Wallace Williams remembers watching the football head toward the uprights at Stanford Stadium.

"It came right over my head," the former Cougars offensive lineman said. "It was like watching a 747 come over you."

WSU kicker Don Sweet was putting the finishing touch on one of the biggest upsets in college football in 1971 with the 27-yard field goal.

The Cougars had driven nearly the length of the field in the final minutes, with tight end Jim Forrest making a one-handed grab of a Ty Paine pass to keep the drive alive.

Then came the field goal.

"The ball seemed to take an eternity," Williams said. "But we all started jumping around before it got there.
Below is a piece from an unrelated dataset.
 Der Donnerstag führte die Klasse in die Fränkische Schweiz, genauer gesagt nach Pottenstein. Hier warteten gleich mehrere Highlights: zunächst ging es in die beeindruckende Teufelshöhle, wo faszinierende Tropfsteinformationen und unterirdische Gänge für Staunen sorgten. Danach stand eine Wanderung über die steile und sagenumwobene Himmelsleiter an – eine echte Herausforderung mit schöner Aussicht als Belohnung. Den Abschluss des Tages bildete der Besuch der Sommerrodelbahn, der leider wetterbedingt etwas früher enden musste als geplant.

It was going right through the uprights, and place-kicks then didn't hook or slice."

(Kicks didn't curve because of the straight-ahead kicking style of the day.)
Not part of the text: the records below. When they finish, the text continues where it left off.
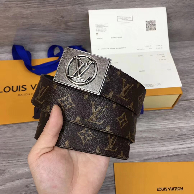 LOUIS VUITTON 男士原单腰带 老鼠货 宽度40毫米 编码M0024 经典进口小牛皮配以帆布製作打造惊艳造型 精品仿古金银色搭扣 饰有路易威登字母图案
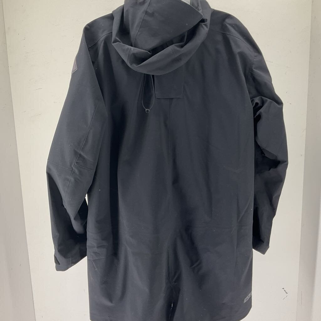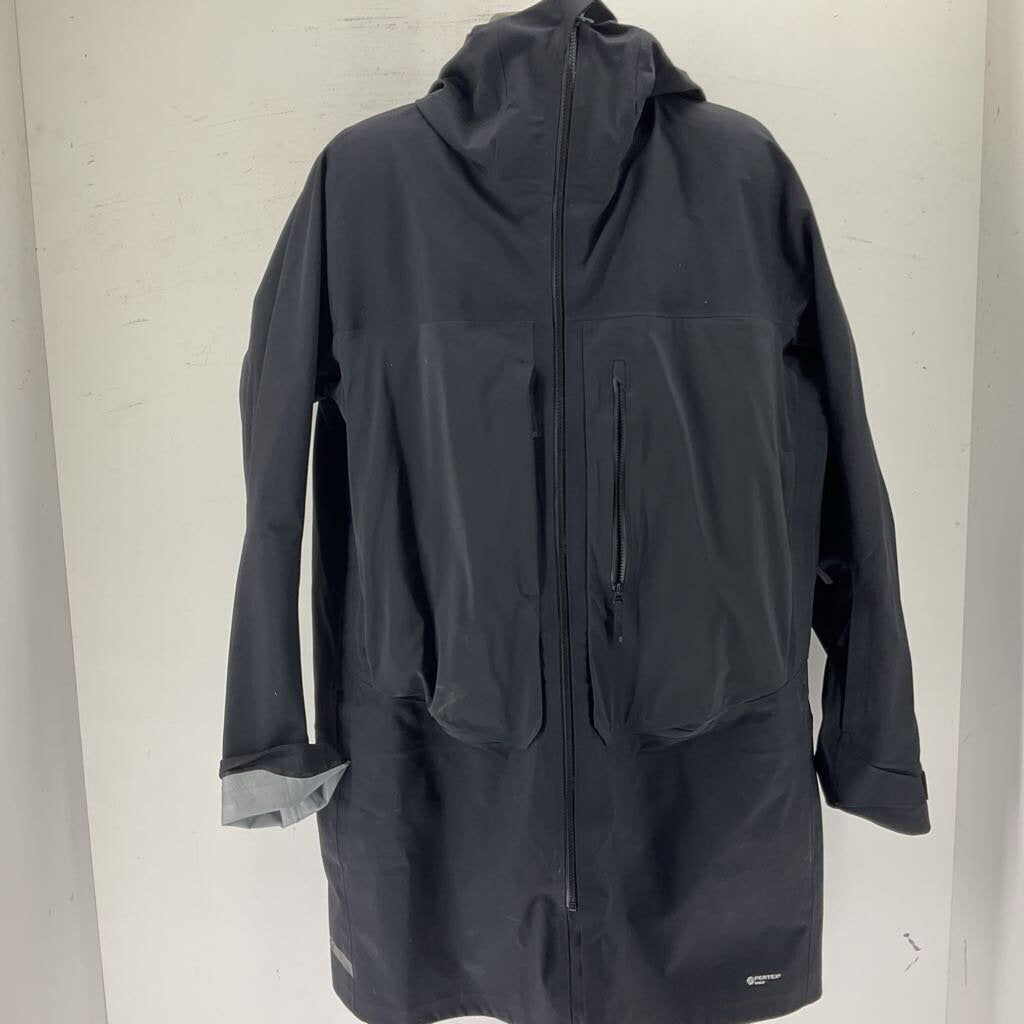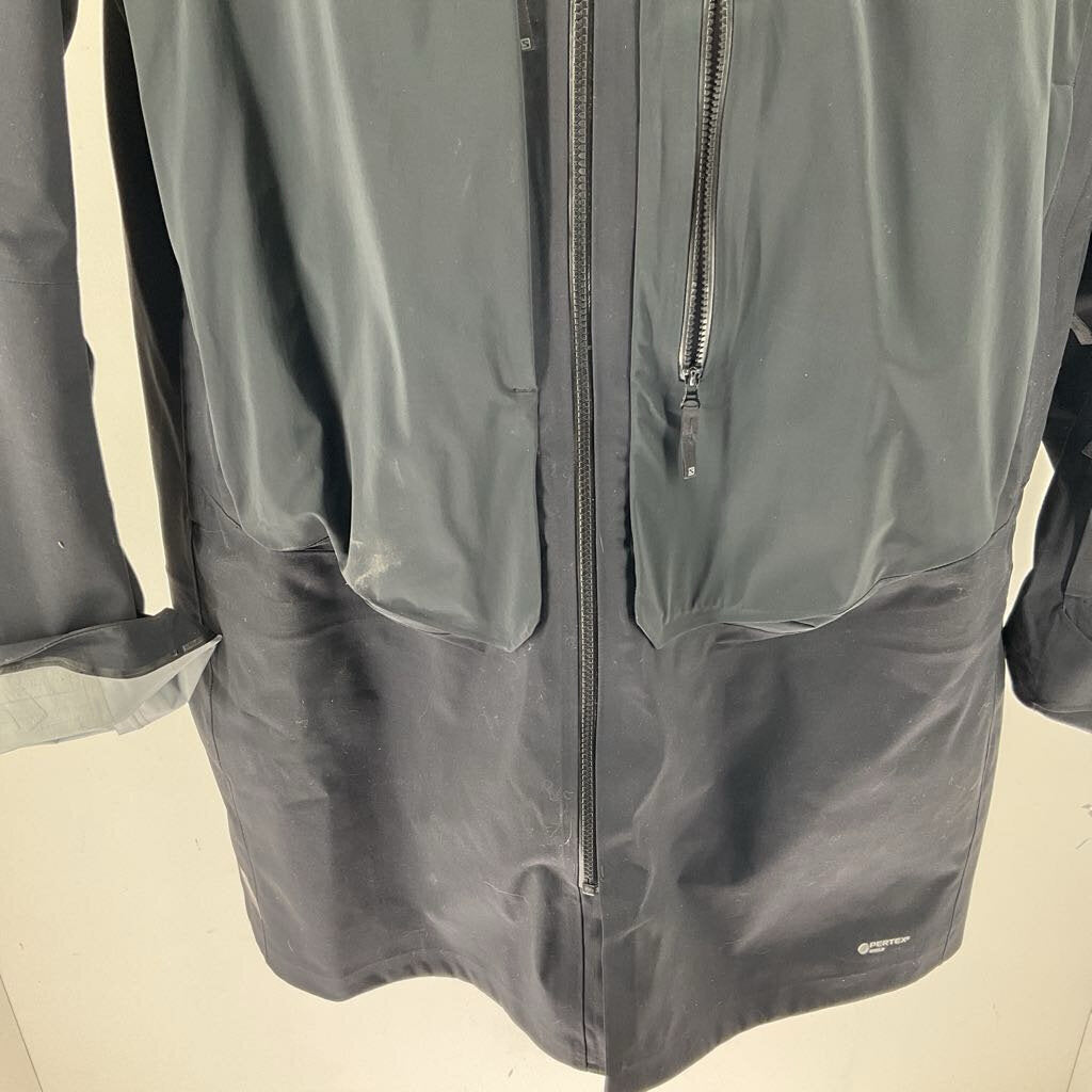 This Salomon jacket has a nice beefy hardshell build and will help keep moisture out. The jacket features a layered membrane construction and taped seams, this keeps moisture out and provides breathability. The jackets long construction helps with defense from the weather and snow, making it a great ski shell!
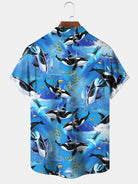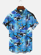 Alohadaddy Ocean Whale Coconut Tree Button Pocket Casual Short Sleeve Shirt
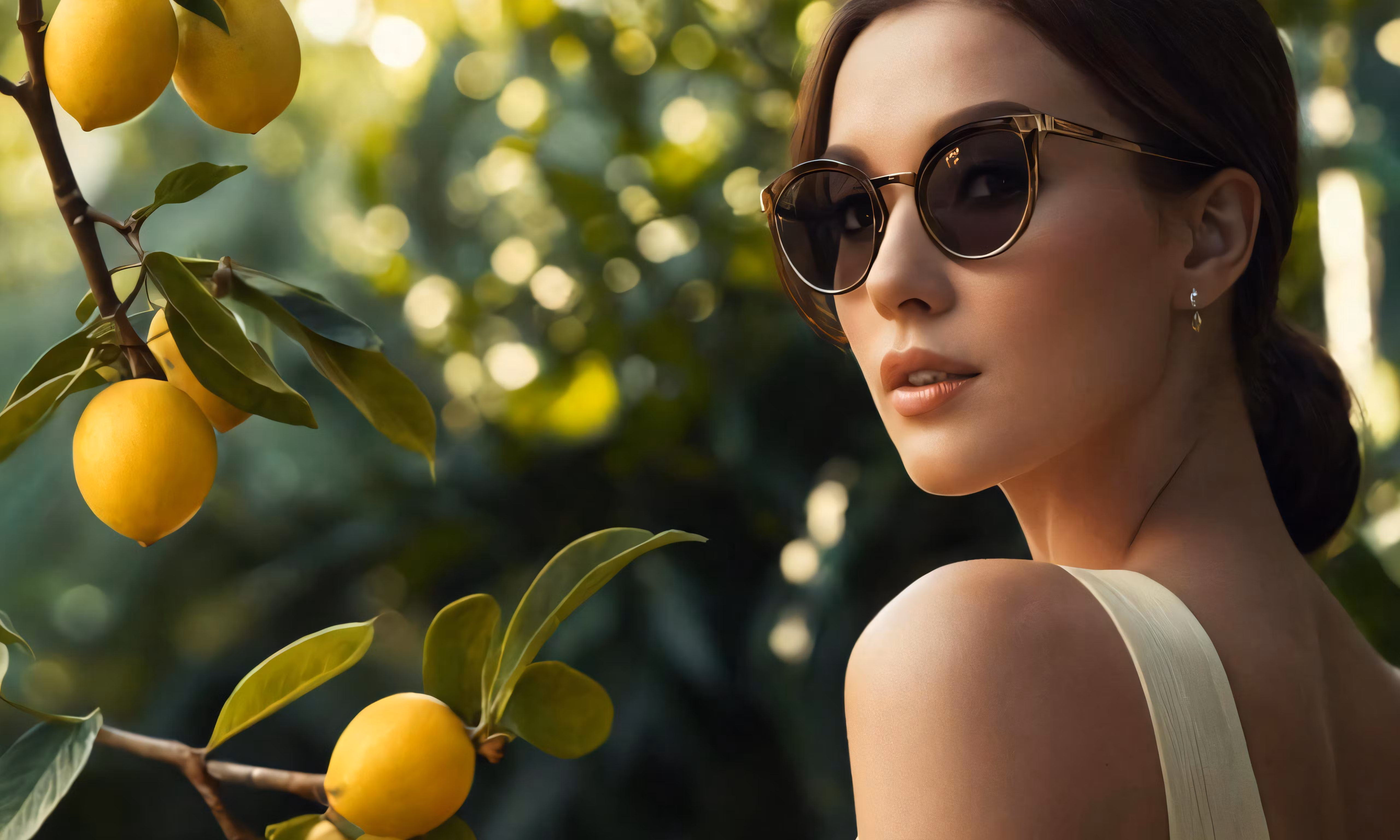 High resolution picture, free to use, woman in sunglasses under lemon tree in sunny sunlight

Sweet's kick beat 10th-ranked Stanford 24-23. It was a big deal because the Cardinal (then called the Indians) had just been to the Rose Bowl and would be back in Pasadena 2-1/2 months later.

To Stanford, the loss to the Cougars was just a surprising bump in the road, but to WSU it was a turnaround game.
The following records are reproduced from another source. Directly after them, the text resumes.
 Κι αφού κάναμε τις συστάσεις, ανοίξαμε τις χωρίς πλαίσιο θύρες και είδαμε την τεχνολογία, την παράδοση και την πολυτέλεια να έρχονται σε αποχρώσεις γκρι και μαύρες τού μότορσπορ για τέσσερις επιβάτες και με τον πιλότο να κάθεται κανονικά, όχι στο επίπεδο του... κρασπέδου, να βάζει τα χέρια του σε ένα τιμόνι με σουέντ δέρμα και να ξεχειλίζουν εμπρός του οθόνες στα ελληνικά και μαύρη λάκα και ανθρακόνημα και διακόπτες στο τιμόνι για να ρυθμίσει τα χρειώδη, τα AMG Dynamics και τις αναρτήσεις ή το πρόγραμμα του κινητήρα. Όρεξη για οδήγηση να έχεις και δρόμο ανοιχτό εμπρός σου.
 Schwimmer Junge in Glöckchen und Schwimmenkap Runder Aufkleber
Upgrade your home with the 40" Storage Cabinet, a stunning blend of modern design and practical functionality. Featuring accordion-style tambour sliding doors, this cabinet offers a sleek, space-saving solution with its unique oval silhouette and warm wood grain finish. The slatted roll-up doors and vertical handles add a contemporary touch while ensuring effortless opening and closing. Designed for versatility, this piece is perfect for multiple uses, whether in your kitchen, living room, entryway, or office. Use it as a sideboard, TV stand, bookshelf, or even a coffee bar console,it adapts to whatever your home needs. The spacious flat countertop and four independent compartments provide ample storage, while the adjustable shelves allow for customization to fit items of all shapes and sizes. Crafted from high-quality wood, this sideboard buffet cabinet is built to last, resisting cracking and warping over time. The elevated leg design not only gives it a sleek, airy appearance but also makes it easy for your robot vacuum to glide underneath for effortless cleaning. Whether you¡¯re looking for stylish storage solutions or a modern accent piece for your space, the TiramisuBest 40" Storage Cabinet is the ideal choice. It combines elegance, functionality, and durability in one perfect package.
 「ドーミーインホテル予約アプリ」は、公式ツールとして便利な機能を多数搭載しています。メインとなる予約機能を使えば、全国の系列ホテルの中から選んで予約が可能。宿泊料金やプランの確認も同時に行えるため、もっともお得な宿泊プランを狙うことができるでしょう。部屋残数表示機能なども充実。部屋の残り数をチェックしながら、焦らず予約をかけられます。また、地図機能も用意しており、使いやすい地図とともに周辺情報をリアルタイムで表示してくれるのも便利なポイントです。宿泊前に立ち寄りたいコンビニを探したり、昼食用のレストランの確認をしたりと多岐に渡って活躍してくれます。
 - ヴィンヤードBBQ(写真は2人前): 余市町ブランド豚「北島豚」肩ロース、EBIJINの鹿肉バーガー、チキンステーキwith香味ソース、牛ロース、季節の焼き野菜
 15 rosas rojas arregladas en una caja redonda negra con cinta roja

The Cougars entered the game with a 2-4 record and finished the year 4-7. Williams, a senior, called the game a "turning point" for the program because it provided a jolt of confidence that led to the 7-4 record that included an Apple Cup win and No. 19 final ranking in 1972.

Former Cougars coach Jim Sweeney has called that win one of the most memorable and pivotal in his eight-year reign in the Palouse. It snapped a streak of 16 Pac-10 losses for WSU. It was such a big win that a Cougfan.com panel of Cougologists in 1993 voted the victory as one of the 10 most important games in the past 30 years of WSU football.

What made the win particularly sweet was that Stanford had humiliated the Cougars 63-16 the previous season.

Williams' son, Jeremey, makes his third and final visit to Stanford tomorrow as a Cougars defensive tackle. He is 2-0 in Palo Alto, and the family is 3-0 because of Wallace's triumph.

Wallace was one of 16 junior-college transfers on the 1971 team. He had attended Bakersfield J.C. rather than a four-year school "because I didn't take the right classes in high school."

He had gone to high school in Bakersfield and said black students back then "weren't placed in college preparatory classes."

For the past 15 years, Williams has been in a position to make sure that doesn't happen to anyone at Rogers High School in Spokane. That's because he is the principal.

Jeremey Williams and his sister, Stephanie, went to high school across town at Ferris High School, where Jeremey played basketball and football and Stephanie, now 25, played basketball. She is now doing graduate work in architecture at Maryland after getting her undergraduate degree from Washington.

The brother and sister wanted to go to Rogers with their father, but Spokane School District policy prevented it. He made it clear to them what he hoped to see when they played Rogers:

"I wanted them to play their best games ever but lose."